I've only made a few fountain pens, but want to start making more. Anyone have any opinions on the best quality kits out there? I have purchased rollerballs from LAU LAU WOODS and have had great experiences. Anyone ever turn their "HAVANA" fountain? I like that it is somewhat compact and a little on the thicker side. Your comments and suggestions would be much appreciated. Have a good one!

Ryan


----------



## OKLAHOMAN (May 11, 2011)

The Havana from AAron is a great little/Big pen, I only wish he would import them with out the pimp crystal on the clip. He also has the Retro and in platings you can't get else where. Also the havana has a tendon at the center band that some have problems cutting...


----------



## ryvnd2001 (May 11, 2011)

Is the "El Toro" the same pen without the crystal on the clip? What is the "tendon" that you are referring to?


----------



## penmanship (May 11, 2011)

Great little pen's (IMHO)  I have made quite a few of these.  I first purchased them when CSUSA still had them (their Little Havana)  LV & AS sell them as El Toro.  

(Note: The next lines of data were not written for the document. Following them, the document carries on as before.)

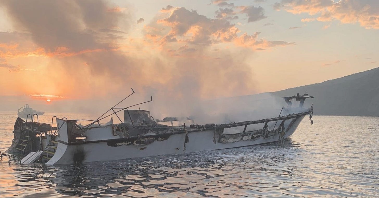 Within a minute, Boylan made a mayday call to the U.S. Coast Guard, then jumped overboard. His crew had jumped down to a lower deck, but instead of giving them firefighting directions, Boylan told them to jump overboard, too. The boat’s public announcement system was next to the Coast Guard radio, but Boylan never warned the 34 people sleeping in the bunk room that a fire was burning upstairs.
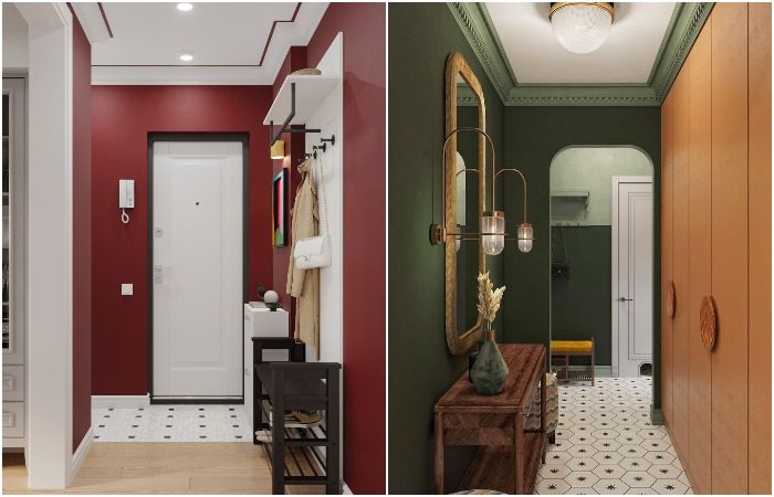 Прихожую привыкли воспринимать исключительно с практической точки зрения, а ведь она может стать одновременно и красивым арт-объектом. Чтобы добиться такого результата, используйте цветное зонирование. Например, вы можете выделить ярким цветом входную зону, а также дверные проемы. Что касается мебели, расположенной в коридоре, то она может быть либо нейтральной, либо такой же яркой (но здесь важно выбрать правильный оттенок, чтобы не перегрузить пространство). Эффекта вагона получится избежать, если сделать двери в ванную скрытыми, под цвет стен, а вход в кладовку замаскировать под фасад шкафа.
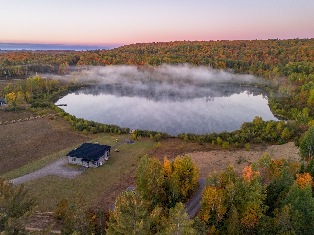 Our Nordic forest chalet is perfect for spending quality time as a couple (or with a kid), or for a work-retreat (with high-speed WiFi). The wooden interior is warm and cozy. The full-height windows offer stunning views over a forested valley. The open-concept kitchen and living room keep you in the conversation while cooking. If you prefer to cook outside, there is a fire pit with a grill and outdoor dining table. Only 70-min drive from Montreal. The lake is a 25-min walk if you park nearby.
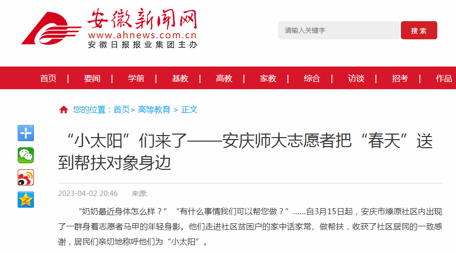 “奶奶最近身体怎么样?”“有什么事情我们可以帮您做?”……自3月15日起,安庆市燎原社区内出现了一群身着志愿者马甲的年轻身影。他们走进社区贫困户的家中话家常、做帮扶,收获了社区居民的一致感谢,居民们亲切地称呼他们为“小太阳”。
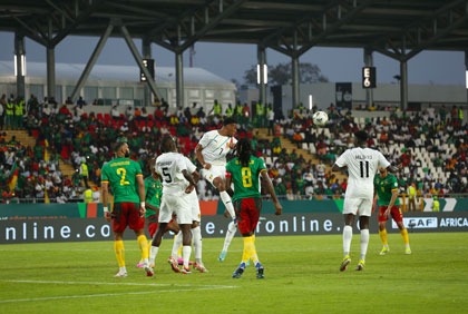 Le Syli national résiste aux assauts des Lions indomptables, mais prend un carton rouge peu avant la mi-temps avec l'expulsion de son capitaine François Kamano.
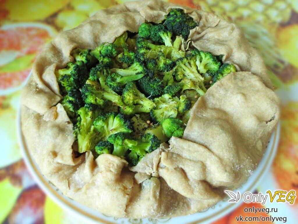 6. Далее тесто раскатываем в круг толщиной 3мм. В центр выкладываем подстывшие картофель и морковь, сверху выкладываем разобранные на мелкие соцветия брокколи.
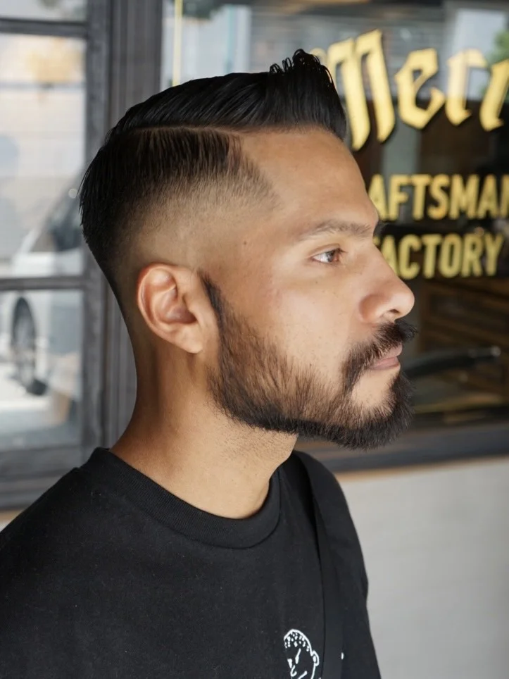A. サイドやバックを徐々に短く刈り上げ、頭頂部にかけて長さをつなげる理容技術です。スッキリ×メリハリのあるシルエットが特徴で、最近のメンズスタイルで人気です。

This is one of my favorite's.  I like that you can post the cap & it is small enough to carry in a pant pocket.  The tenon isn't too troublesome.  As long as your parting tool is sharp.......I haven't lost one cutting a tenon yet!

Go for it!
Tim


----------



## dow (May 12, 2011)

Just out of curiosity, does anybody make a converter that will work in the Havana?


----------



## DurocShark (May 13, 2011)

I like the Navigator FPs. You can get them (under other names) in premium platings. The Electra is a good seller too, but be sure to get it in rhodium/platinum or titanium nitride, or the plating wears off the clip too fast.

I love the El Grande based pens like the El Grande Elite and Cambridge. They feel lighter in the hand than the Navigator or Jr pens, but are larger and easier to grip. 

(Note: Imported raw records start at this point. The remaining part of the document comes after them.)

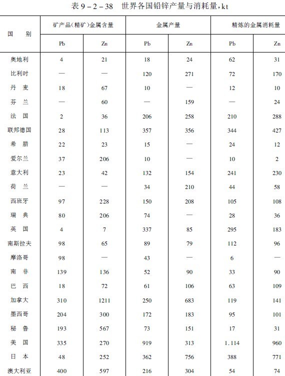 隨著科學的進步和工業生產的發展,世界各國對鉛鋅的需求量每年雖有起伏,但總的趨勢是不斷增加,因而促進了鉛鋅礦冶工業的發展。1984年27個國家的鉛鋅礦產品(精礦)金屬含量,金屬產量,精煉的金屬消耗量列于表9-2-38。
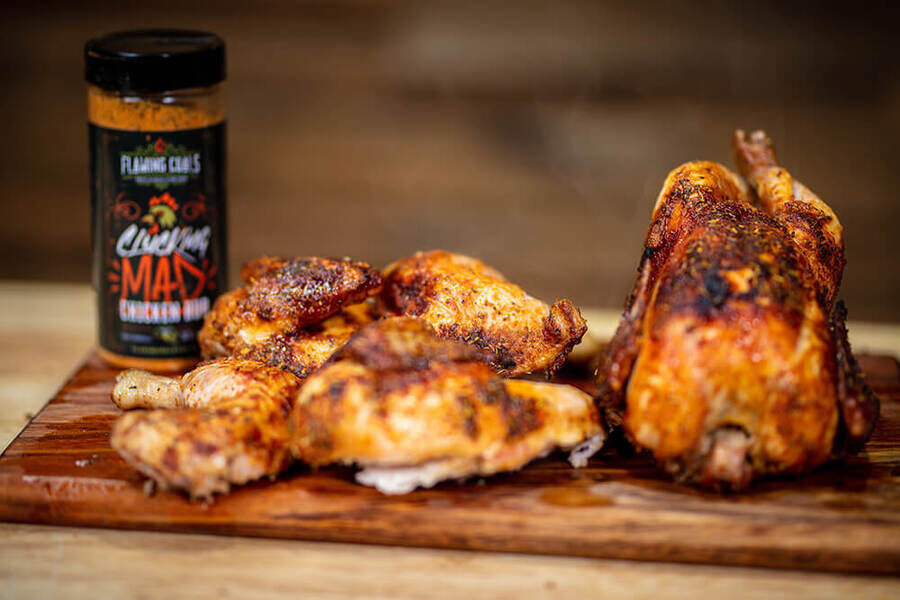 Flaming Coals Clucking Mad Chicken Rub - is an amazing combination of herbs and spices that will cause your taste buds to explode. Whether you're cooking whole chickens, breast or thigh, the Flaming Coals Clucking Mad chicken rub is to be a winner for the entire family
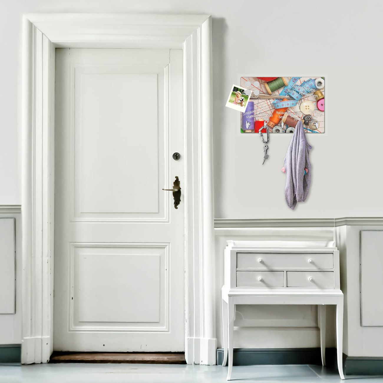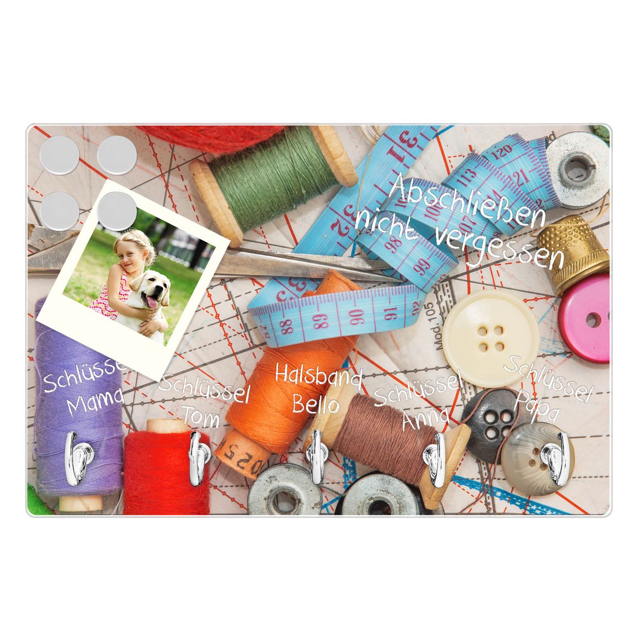 FUNKTION: Mit dem banjado Schlüsselbrett Nähen hat Ihre Suche nach dem Schlüsselbund endlich ein Ende! Auf gesamt 5 Haken finden auch die größten Schlüssel ihren Platz. Durch den farbenfrohen Motivdruck ist das Schlüsselboard ein Blickfang in jeder Wohnung. DESIGN: Die Schlüsselleiste mit Motiv Nähen hat ein sehr ansprechendes und ausgefallenes Design. Das Glasboard besteht aus einer gehärteten Glasscheibe mit dem Motiv Ihrer Wahl. Ihre neue Schlüsselaufbewahrung ist funktionell und ein optisches Highlight. DETAILS: Das Schlüsselbrett ist 30 x 20 x 4,5 CM (BxHxT). Das ganze Board besteht aus gehärtetem Sicherheitsglas, die Haken zur Selbstmontage präsentieren sich in Edelstahl-Optik. Für einen sicheren Halt erfolgt die Aufhängung an 2 vorgefertigten Haltern an der Rückseite. Das Montagematerial fügen wir bei. NUTZEN: Hier findet alles seinen Platz: Schlüsselbunde, Geschirrtücher, Hundeleinen oder Kinderjacken. Das Glas kann mit Kreidestiften bzw. Whiteboard-Marker beschrieben werden, mit extrastarken Neodym-Magneten können Sie auch Notizen anheften. BANJADO: Wir sind ein kleines Team aus dem Herzen von Sachsen und fertigen Ihre neue Schlüsselaufbewahrung von Hand an. Sie erhalten Handarbeit und keine preiswerte Importware. Wir hoffen, dass Ihnen unsere Idee zusagt, herzlichst das banjado Team.

Finally, get in on the triple start tap and die set and make your own!


----------



## jskeen (May 14, 2011)

dow said:


> Just out of curiosity, does anybody make a converter that will work in the Havana?



Lou used to sell a vacuum converter (pinch the side in instead of turn the tail) that was the same length as a standard cartridge, so I'm sure it would work.  Honestly don't know where to get them now, but I'm sure somebody does.


----------



## jskeen (May 14, 2011)

dow said:


> Just out of curiosity, does anybody make a converter that will work in the Havana?



Lou used to sell a vacuum converter (pinch the side in instead of turn the tail) that was the same length as a standard cartridge, so I'm sure it would work.  Honestly don't know where to get them now, but I'm sure somebody does.  

For the OP's question, I think that Aaron's retro's and CSusa's full size Gents are two of the best fp kits going.  Been wanting to try the triton's from EB, but haven't gotten a round tuit yet.


----------